INSTRUCTIONS FOR THE TASK: Task for the records below: please retype exactly and only the lines from the first through the one with "Более детально картина", with every picture omitted.

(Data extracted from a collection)
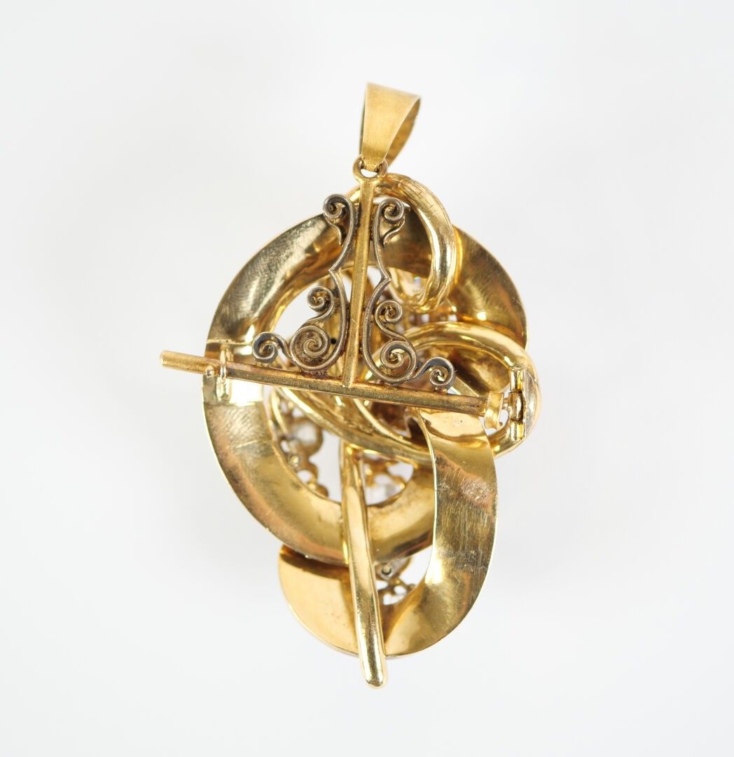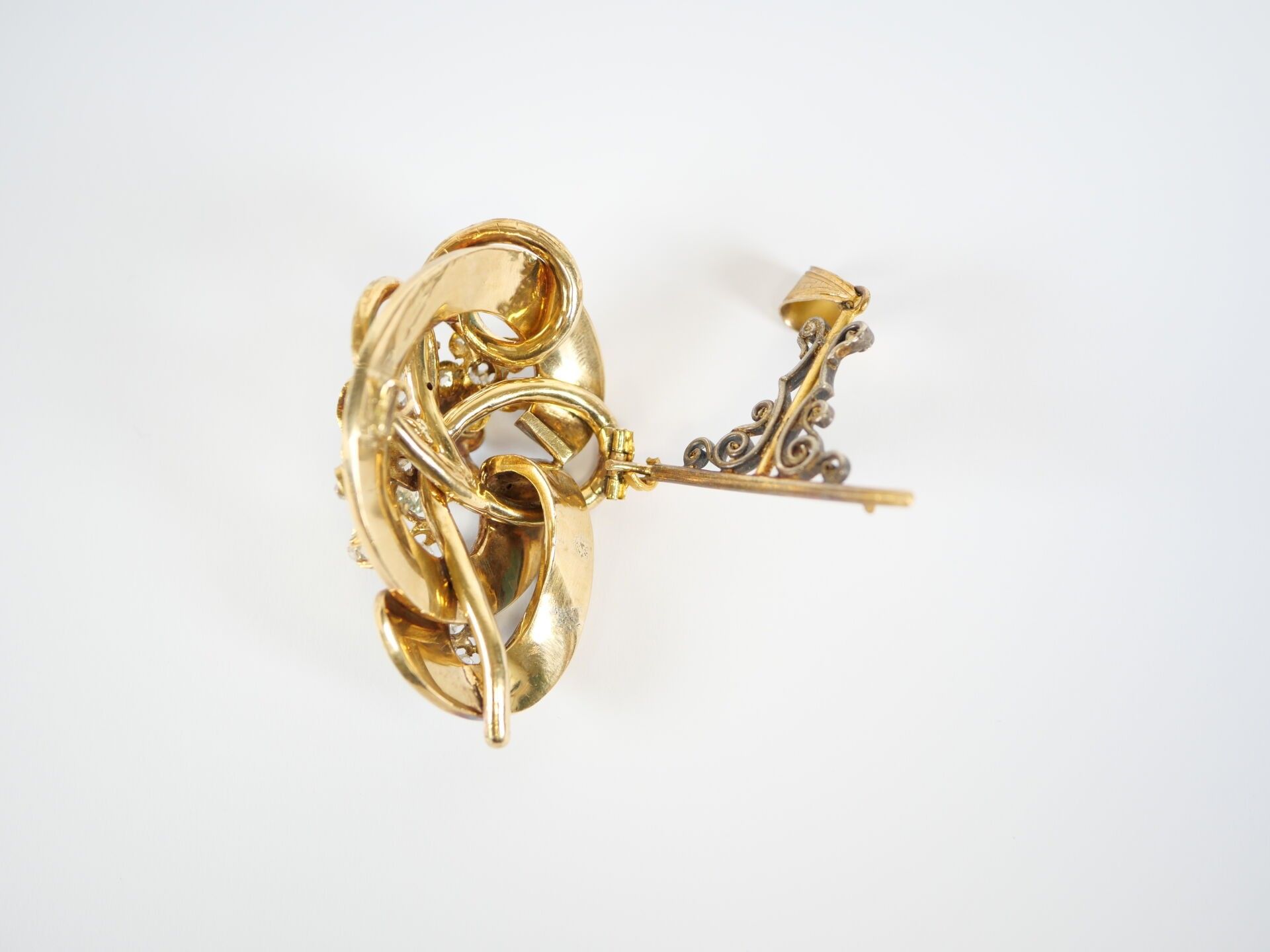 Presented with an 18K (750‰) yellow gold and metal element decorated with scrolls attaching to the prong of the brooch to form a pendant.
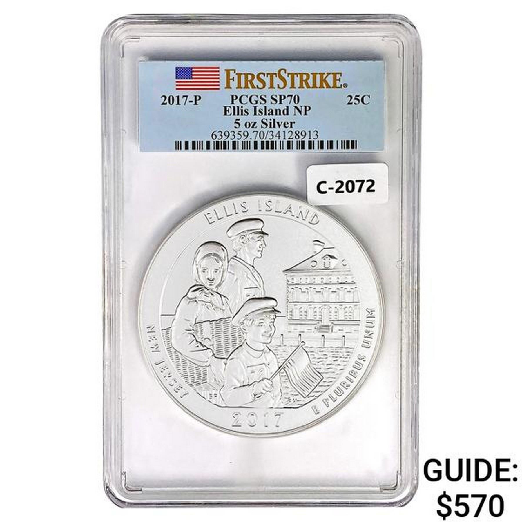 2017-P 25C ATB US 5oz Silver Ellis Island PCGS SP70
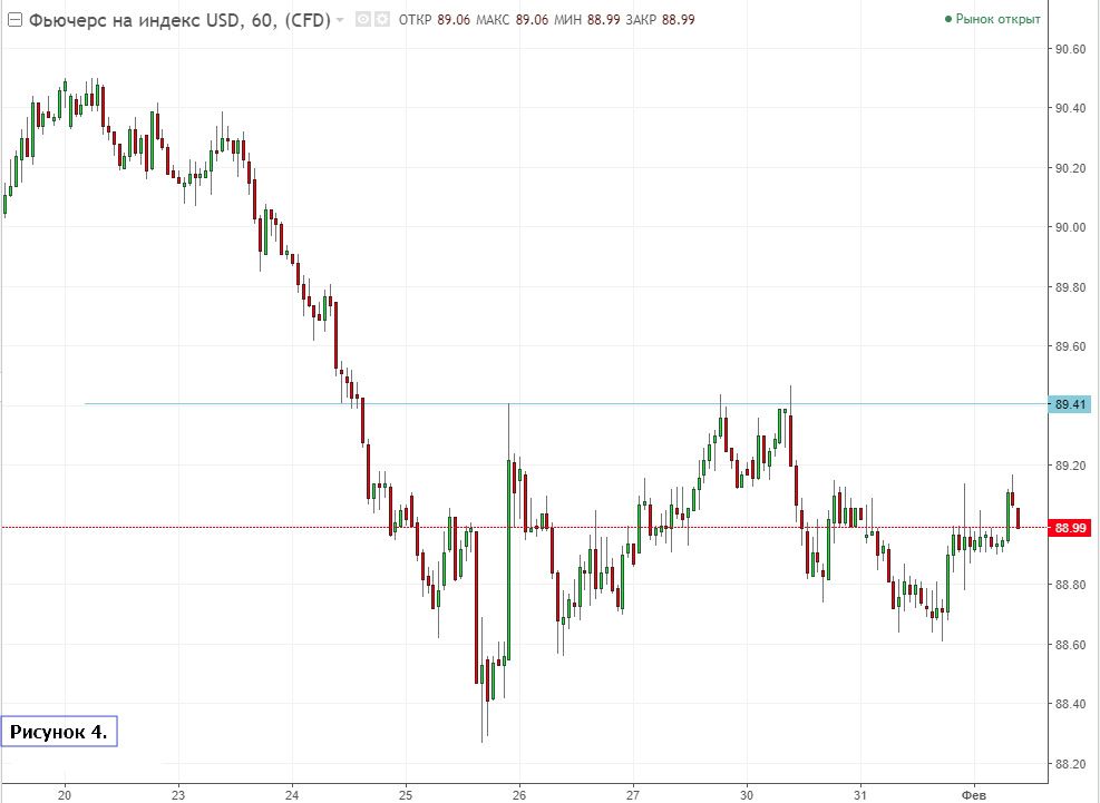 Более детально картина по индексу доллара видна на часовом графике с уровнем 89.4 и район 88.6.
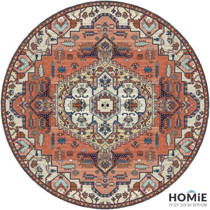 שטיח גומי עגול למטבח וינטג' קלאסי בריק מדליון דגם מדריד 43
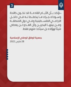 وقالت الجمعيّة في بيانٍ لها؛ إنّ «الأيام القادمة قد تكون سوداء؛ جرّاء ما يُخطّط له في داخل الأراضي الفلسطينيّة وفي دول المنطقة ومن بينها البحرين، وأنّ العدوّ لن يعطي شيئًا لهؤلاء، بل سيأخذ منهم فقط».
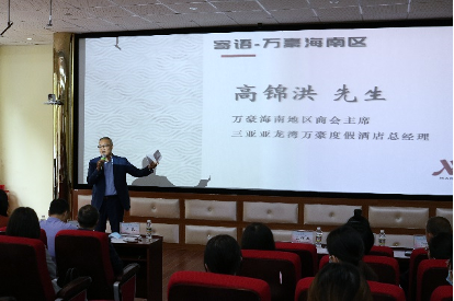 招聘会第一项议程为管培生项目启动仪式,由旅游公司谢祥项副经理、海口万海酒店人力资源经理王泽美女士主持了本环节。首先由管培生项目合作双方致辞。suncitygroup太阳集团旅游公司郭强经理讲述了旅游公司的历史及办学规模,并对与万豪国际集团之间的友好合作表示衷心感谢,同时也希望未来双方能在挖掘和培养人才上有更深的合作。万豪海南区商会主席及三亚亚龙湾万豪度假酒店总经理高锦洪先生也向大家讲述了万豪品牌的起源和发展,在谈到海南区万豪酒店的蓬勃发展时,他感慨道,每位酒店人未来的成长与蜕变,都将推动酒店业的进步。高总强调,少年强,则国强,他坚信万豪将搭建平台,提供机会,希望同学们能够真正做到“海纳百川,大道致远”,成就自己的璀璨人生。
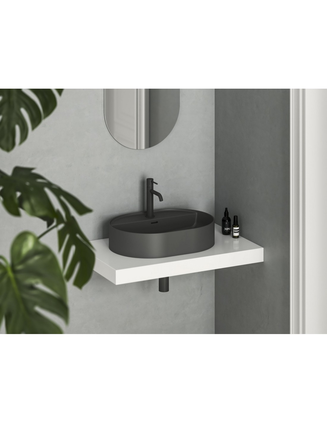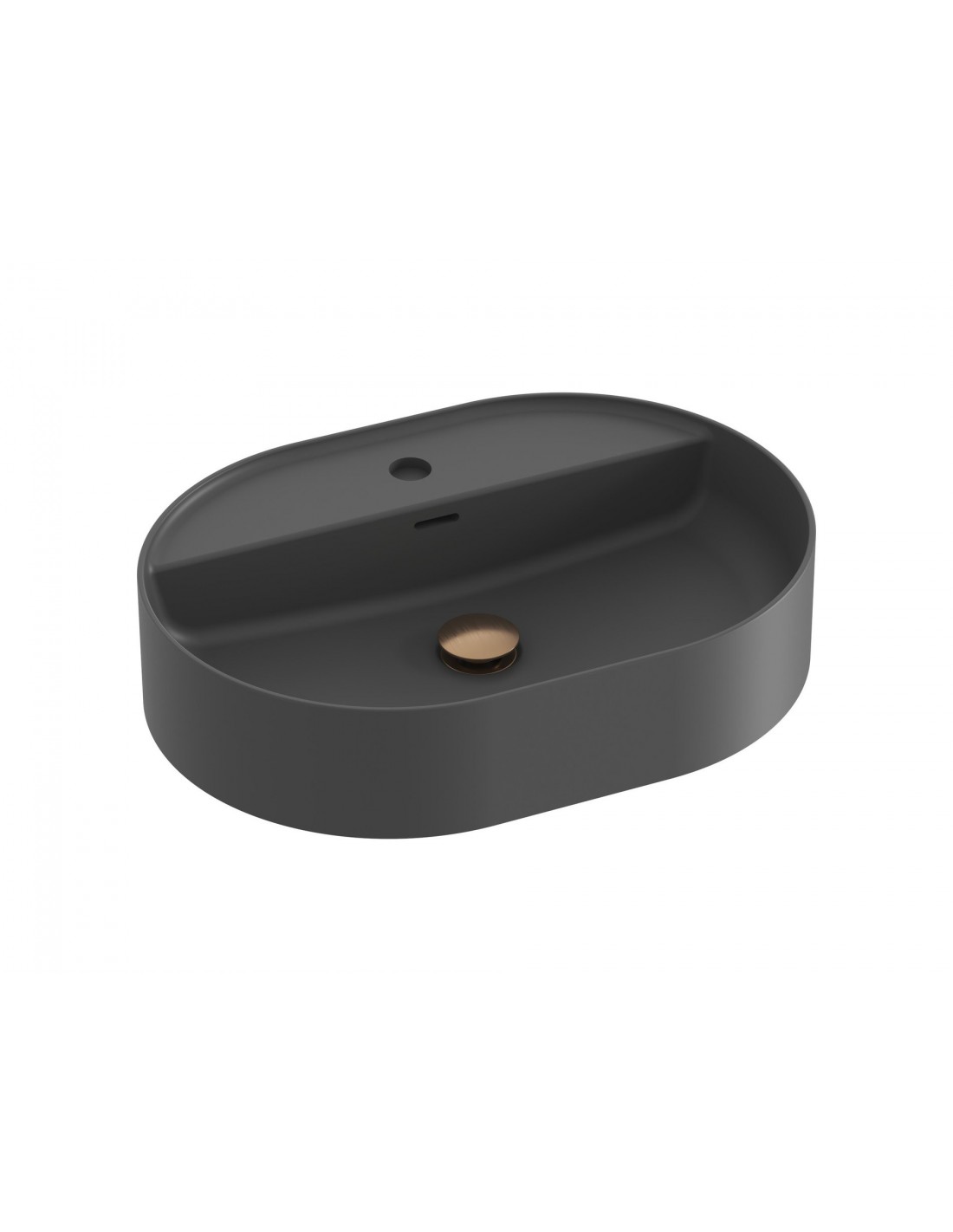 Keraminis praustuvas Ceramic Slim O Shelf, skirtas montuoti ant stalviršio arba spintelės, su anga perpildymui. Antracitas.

EXERCISE RESULT:
 Presented with an 18K (750‰) yellow gold and metal element decorated with scrolls attaching to the prong of the brooch to form a pendant.
 2017-P 25C ATB US 5oz Silver Ellis Island PCGS SP70
 Более детально картина по индексу доллара видна на часовом графике с уровнем 89.4 и район 88.6.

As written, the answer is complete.